Task instructions:
Repeat exactly the lines of the material below that run from the "乌鲁木齐达坂城区风机为亚欧博览会提供源源不断的绿色动能。王晋魁 摄" line to the "当主机B给主机C发送数据包,首先肯定是知道了源IP与目的IP" line, including both, and do not carry over any pictures.

*** Record extracts Section Begins ***

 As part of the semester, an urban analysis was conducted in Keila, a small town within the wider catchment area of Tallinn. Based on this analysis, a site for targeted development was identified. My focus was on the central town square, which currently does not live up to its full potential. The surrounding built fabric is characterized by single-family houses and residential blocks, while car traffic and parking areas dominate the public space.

*** Record extracts Section Ends ***
*** Record extracts Section Begins ***

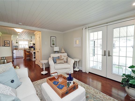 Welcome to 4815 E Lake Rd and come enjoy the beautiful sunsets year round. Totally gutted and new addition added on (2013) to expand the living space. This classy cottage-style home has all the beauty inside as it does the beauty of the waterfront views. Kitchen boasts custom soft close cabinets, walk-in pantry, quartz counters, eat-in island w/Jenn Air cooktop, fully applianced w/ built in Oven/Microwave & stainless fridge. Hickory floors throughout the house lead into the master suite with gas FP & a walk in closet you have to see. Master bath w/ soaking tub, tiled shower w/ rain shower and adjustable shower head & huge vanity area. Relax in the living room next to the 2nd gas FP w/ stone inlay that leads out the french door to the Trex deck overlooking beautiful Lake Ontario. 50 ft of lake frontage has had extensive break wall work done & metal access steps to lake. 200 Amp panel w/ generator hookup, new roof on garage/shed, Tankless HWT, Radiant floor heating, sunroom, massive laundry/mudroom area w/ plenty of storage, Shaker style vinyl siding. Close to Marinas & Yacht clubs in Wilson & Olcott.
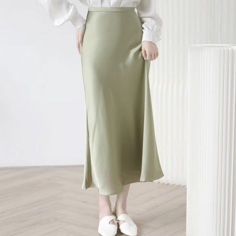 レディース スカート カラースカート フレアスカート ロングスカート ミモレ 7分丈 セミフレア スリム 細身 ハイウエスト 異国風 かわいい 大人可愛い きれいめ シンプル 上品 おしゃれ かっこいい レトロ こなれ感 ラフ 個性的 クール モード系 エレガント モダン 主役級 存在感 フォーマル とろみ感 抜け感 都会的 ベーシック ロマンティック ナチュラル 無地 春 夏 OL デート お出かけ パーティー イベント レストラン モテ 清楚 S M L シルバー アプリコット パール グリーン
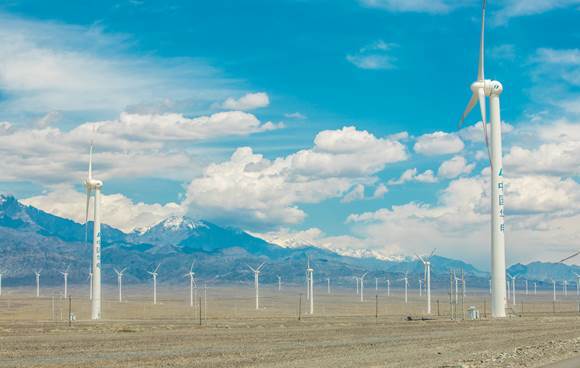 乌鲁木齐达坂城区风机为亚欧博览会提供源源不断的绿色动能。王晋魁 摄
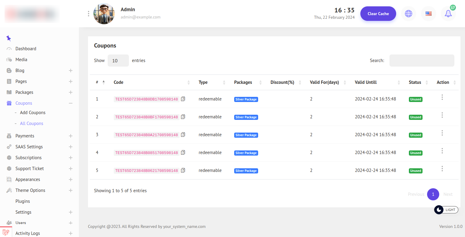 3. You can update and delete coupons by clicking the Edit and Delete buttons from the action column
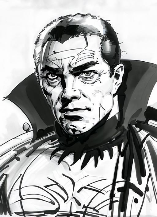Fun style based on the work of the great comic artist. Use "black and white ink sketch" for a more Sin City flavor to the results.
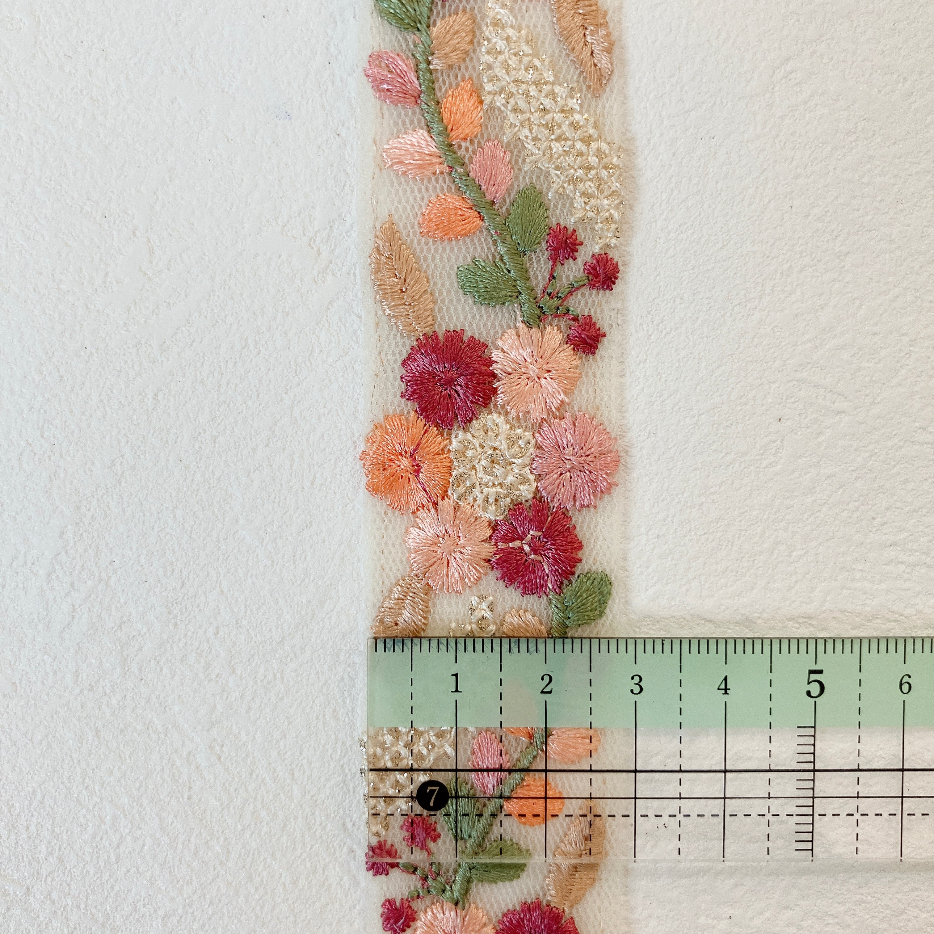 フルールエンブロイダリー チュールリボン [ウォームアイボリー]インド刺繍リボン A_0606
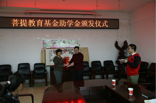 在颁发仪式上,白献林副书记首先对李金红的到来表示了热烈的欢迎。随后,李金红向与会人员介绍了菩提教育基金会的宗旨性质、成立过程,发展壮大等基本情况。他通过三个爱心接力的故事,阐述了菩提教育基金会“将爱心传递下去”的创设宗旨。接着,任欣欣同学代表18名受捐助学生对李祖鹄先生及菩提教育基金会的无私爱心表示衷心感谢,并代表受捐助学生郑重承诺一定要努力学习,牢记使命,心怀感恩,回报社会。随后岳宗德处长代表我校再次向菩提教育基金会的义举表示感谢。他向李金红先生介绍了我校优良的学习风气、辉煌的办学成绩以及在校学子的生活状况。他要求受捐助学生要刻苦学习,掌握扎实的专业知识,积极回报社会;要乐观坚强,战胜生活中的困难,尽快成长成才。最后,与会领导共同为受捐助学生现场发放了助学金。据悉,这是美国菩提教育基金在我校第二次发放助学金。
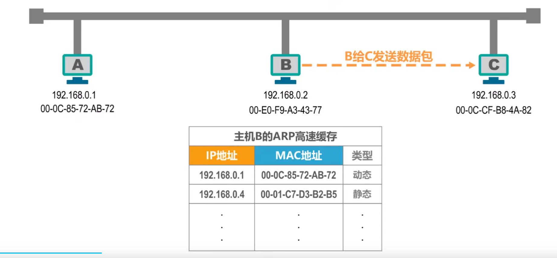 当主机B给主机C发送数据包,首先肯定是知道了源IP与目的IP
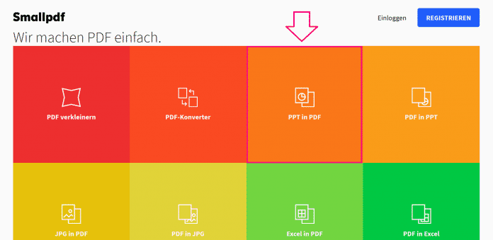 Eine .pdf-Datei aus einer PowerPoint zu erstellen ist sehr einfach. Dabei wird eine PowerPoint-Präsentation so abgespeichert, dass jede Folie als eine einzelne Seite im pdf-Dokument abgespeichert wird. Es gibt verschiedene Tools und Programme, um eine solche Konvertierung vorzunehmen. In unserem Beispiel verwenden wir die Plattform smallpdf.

*** Record extracts Section Ends ***

Solution for this task:
 乌鲁木齐达坂城区风机为亚欧博览会提供源源不断的绿色动能。王晋魁 摄
 3. You can update and delete coupons by clicking the Edit and Delete buttons from the action column
Fun style based on the work of the great comic artist. Use "black and white ink sketch" for a more Sin City flavor to the results.
 フルールエンブロイダリー チュールリボン [ウォームアイボリー]インド刺繍リボン A_0606
 在颁发仪式上,白献林副书记首先对李金红的到来表示了热烈的欢迎。随后,李金红向与会人员介绍了菩提教育基金会的宗旨性质、成立过程,发展壮大等基本情况。他通过三个爱心接力的故事,阐述了菩提教育基金会“将爱心传递下去”的创设宗旨。接着,任欣欣同学代表18名受捐助学生对李祖鹄先生及菩提教育基金会的无私爱心表示衷心感谢,并代表受捐助学生郑重承诺一定要努力学习,牢记使命,心怀感恩,回报社会。随后岳宗德处长代表我校再次向菩提教育基金会的义举表示感谢。他向李金红先生介绍了我校优良的学习风气、辉煌的办学成绩以及在校学子的生活状况。他要求受捐助学生要刻苦学习,掌握扎实的专业知识,积极回报社会;要乐观坚强,战胜生活中的困难,尽快成长成才。最后,与会领导共同为受捐助学生现场发放了助学金。据悉,这是美国菩提教育基金在我校第二次发放助学金。
 当主机B给主机C发送数据包,首先肯定是知道了源IP与目的IP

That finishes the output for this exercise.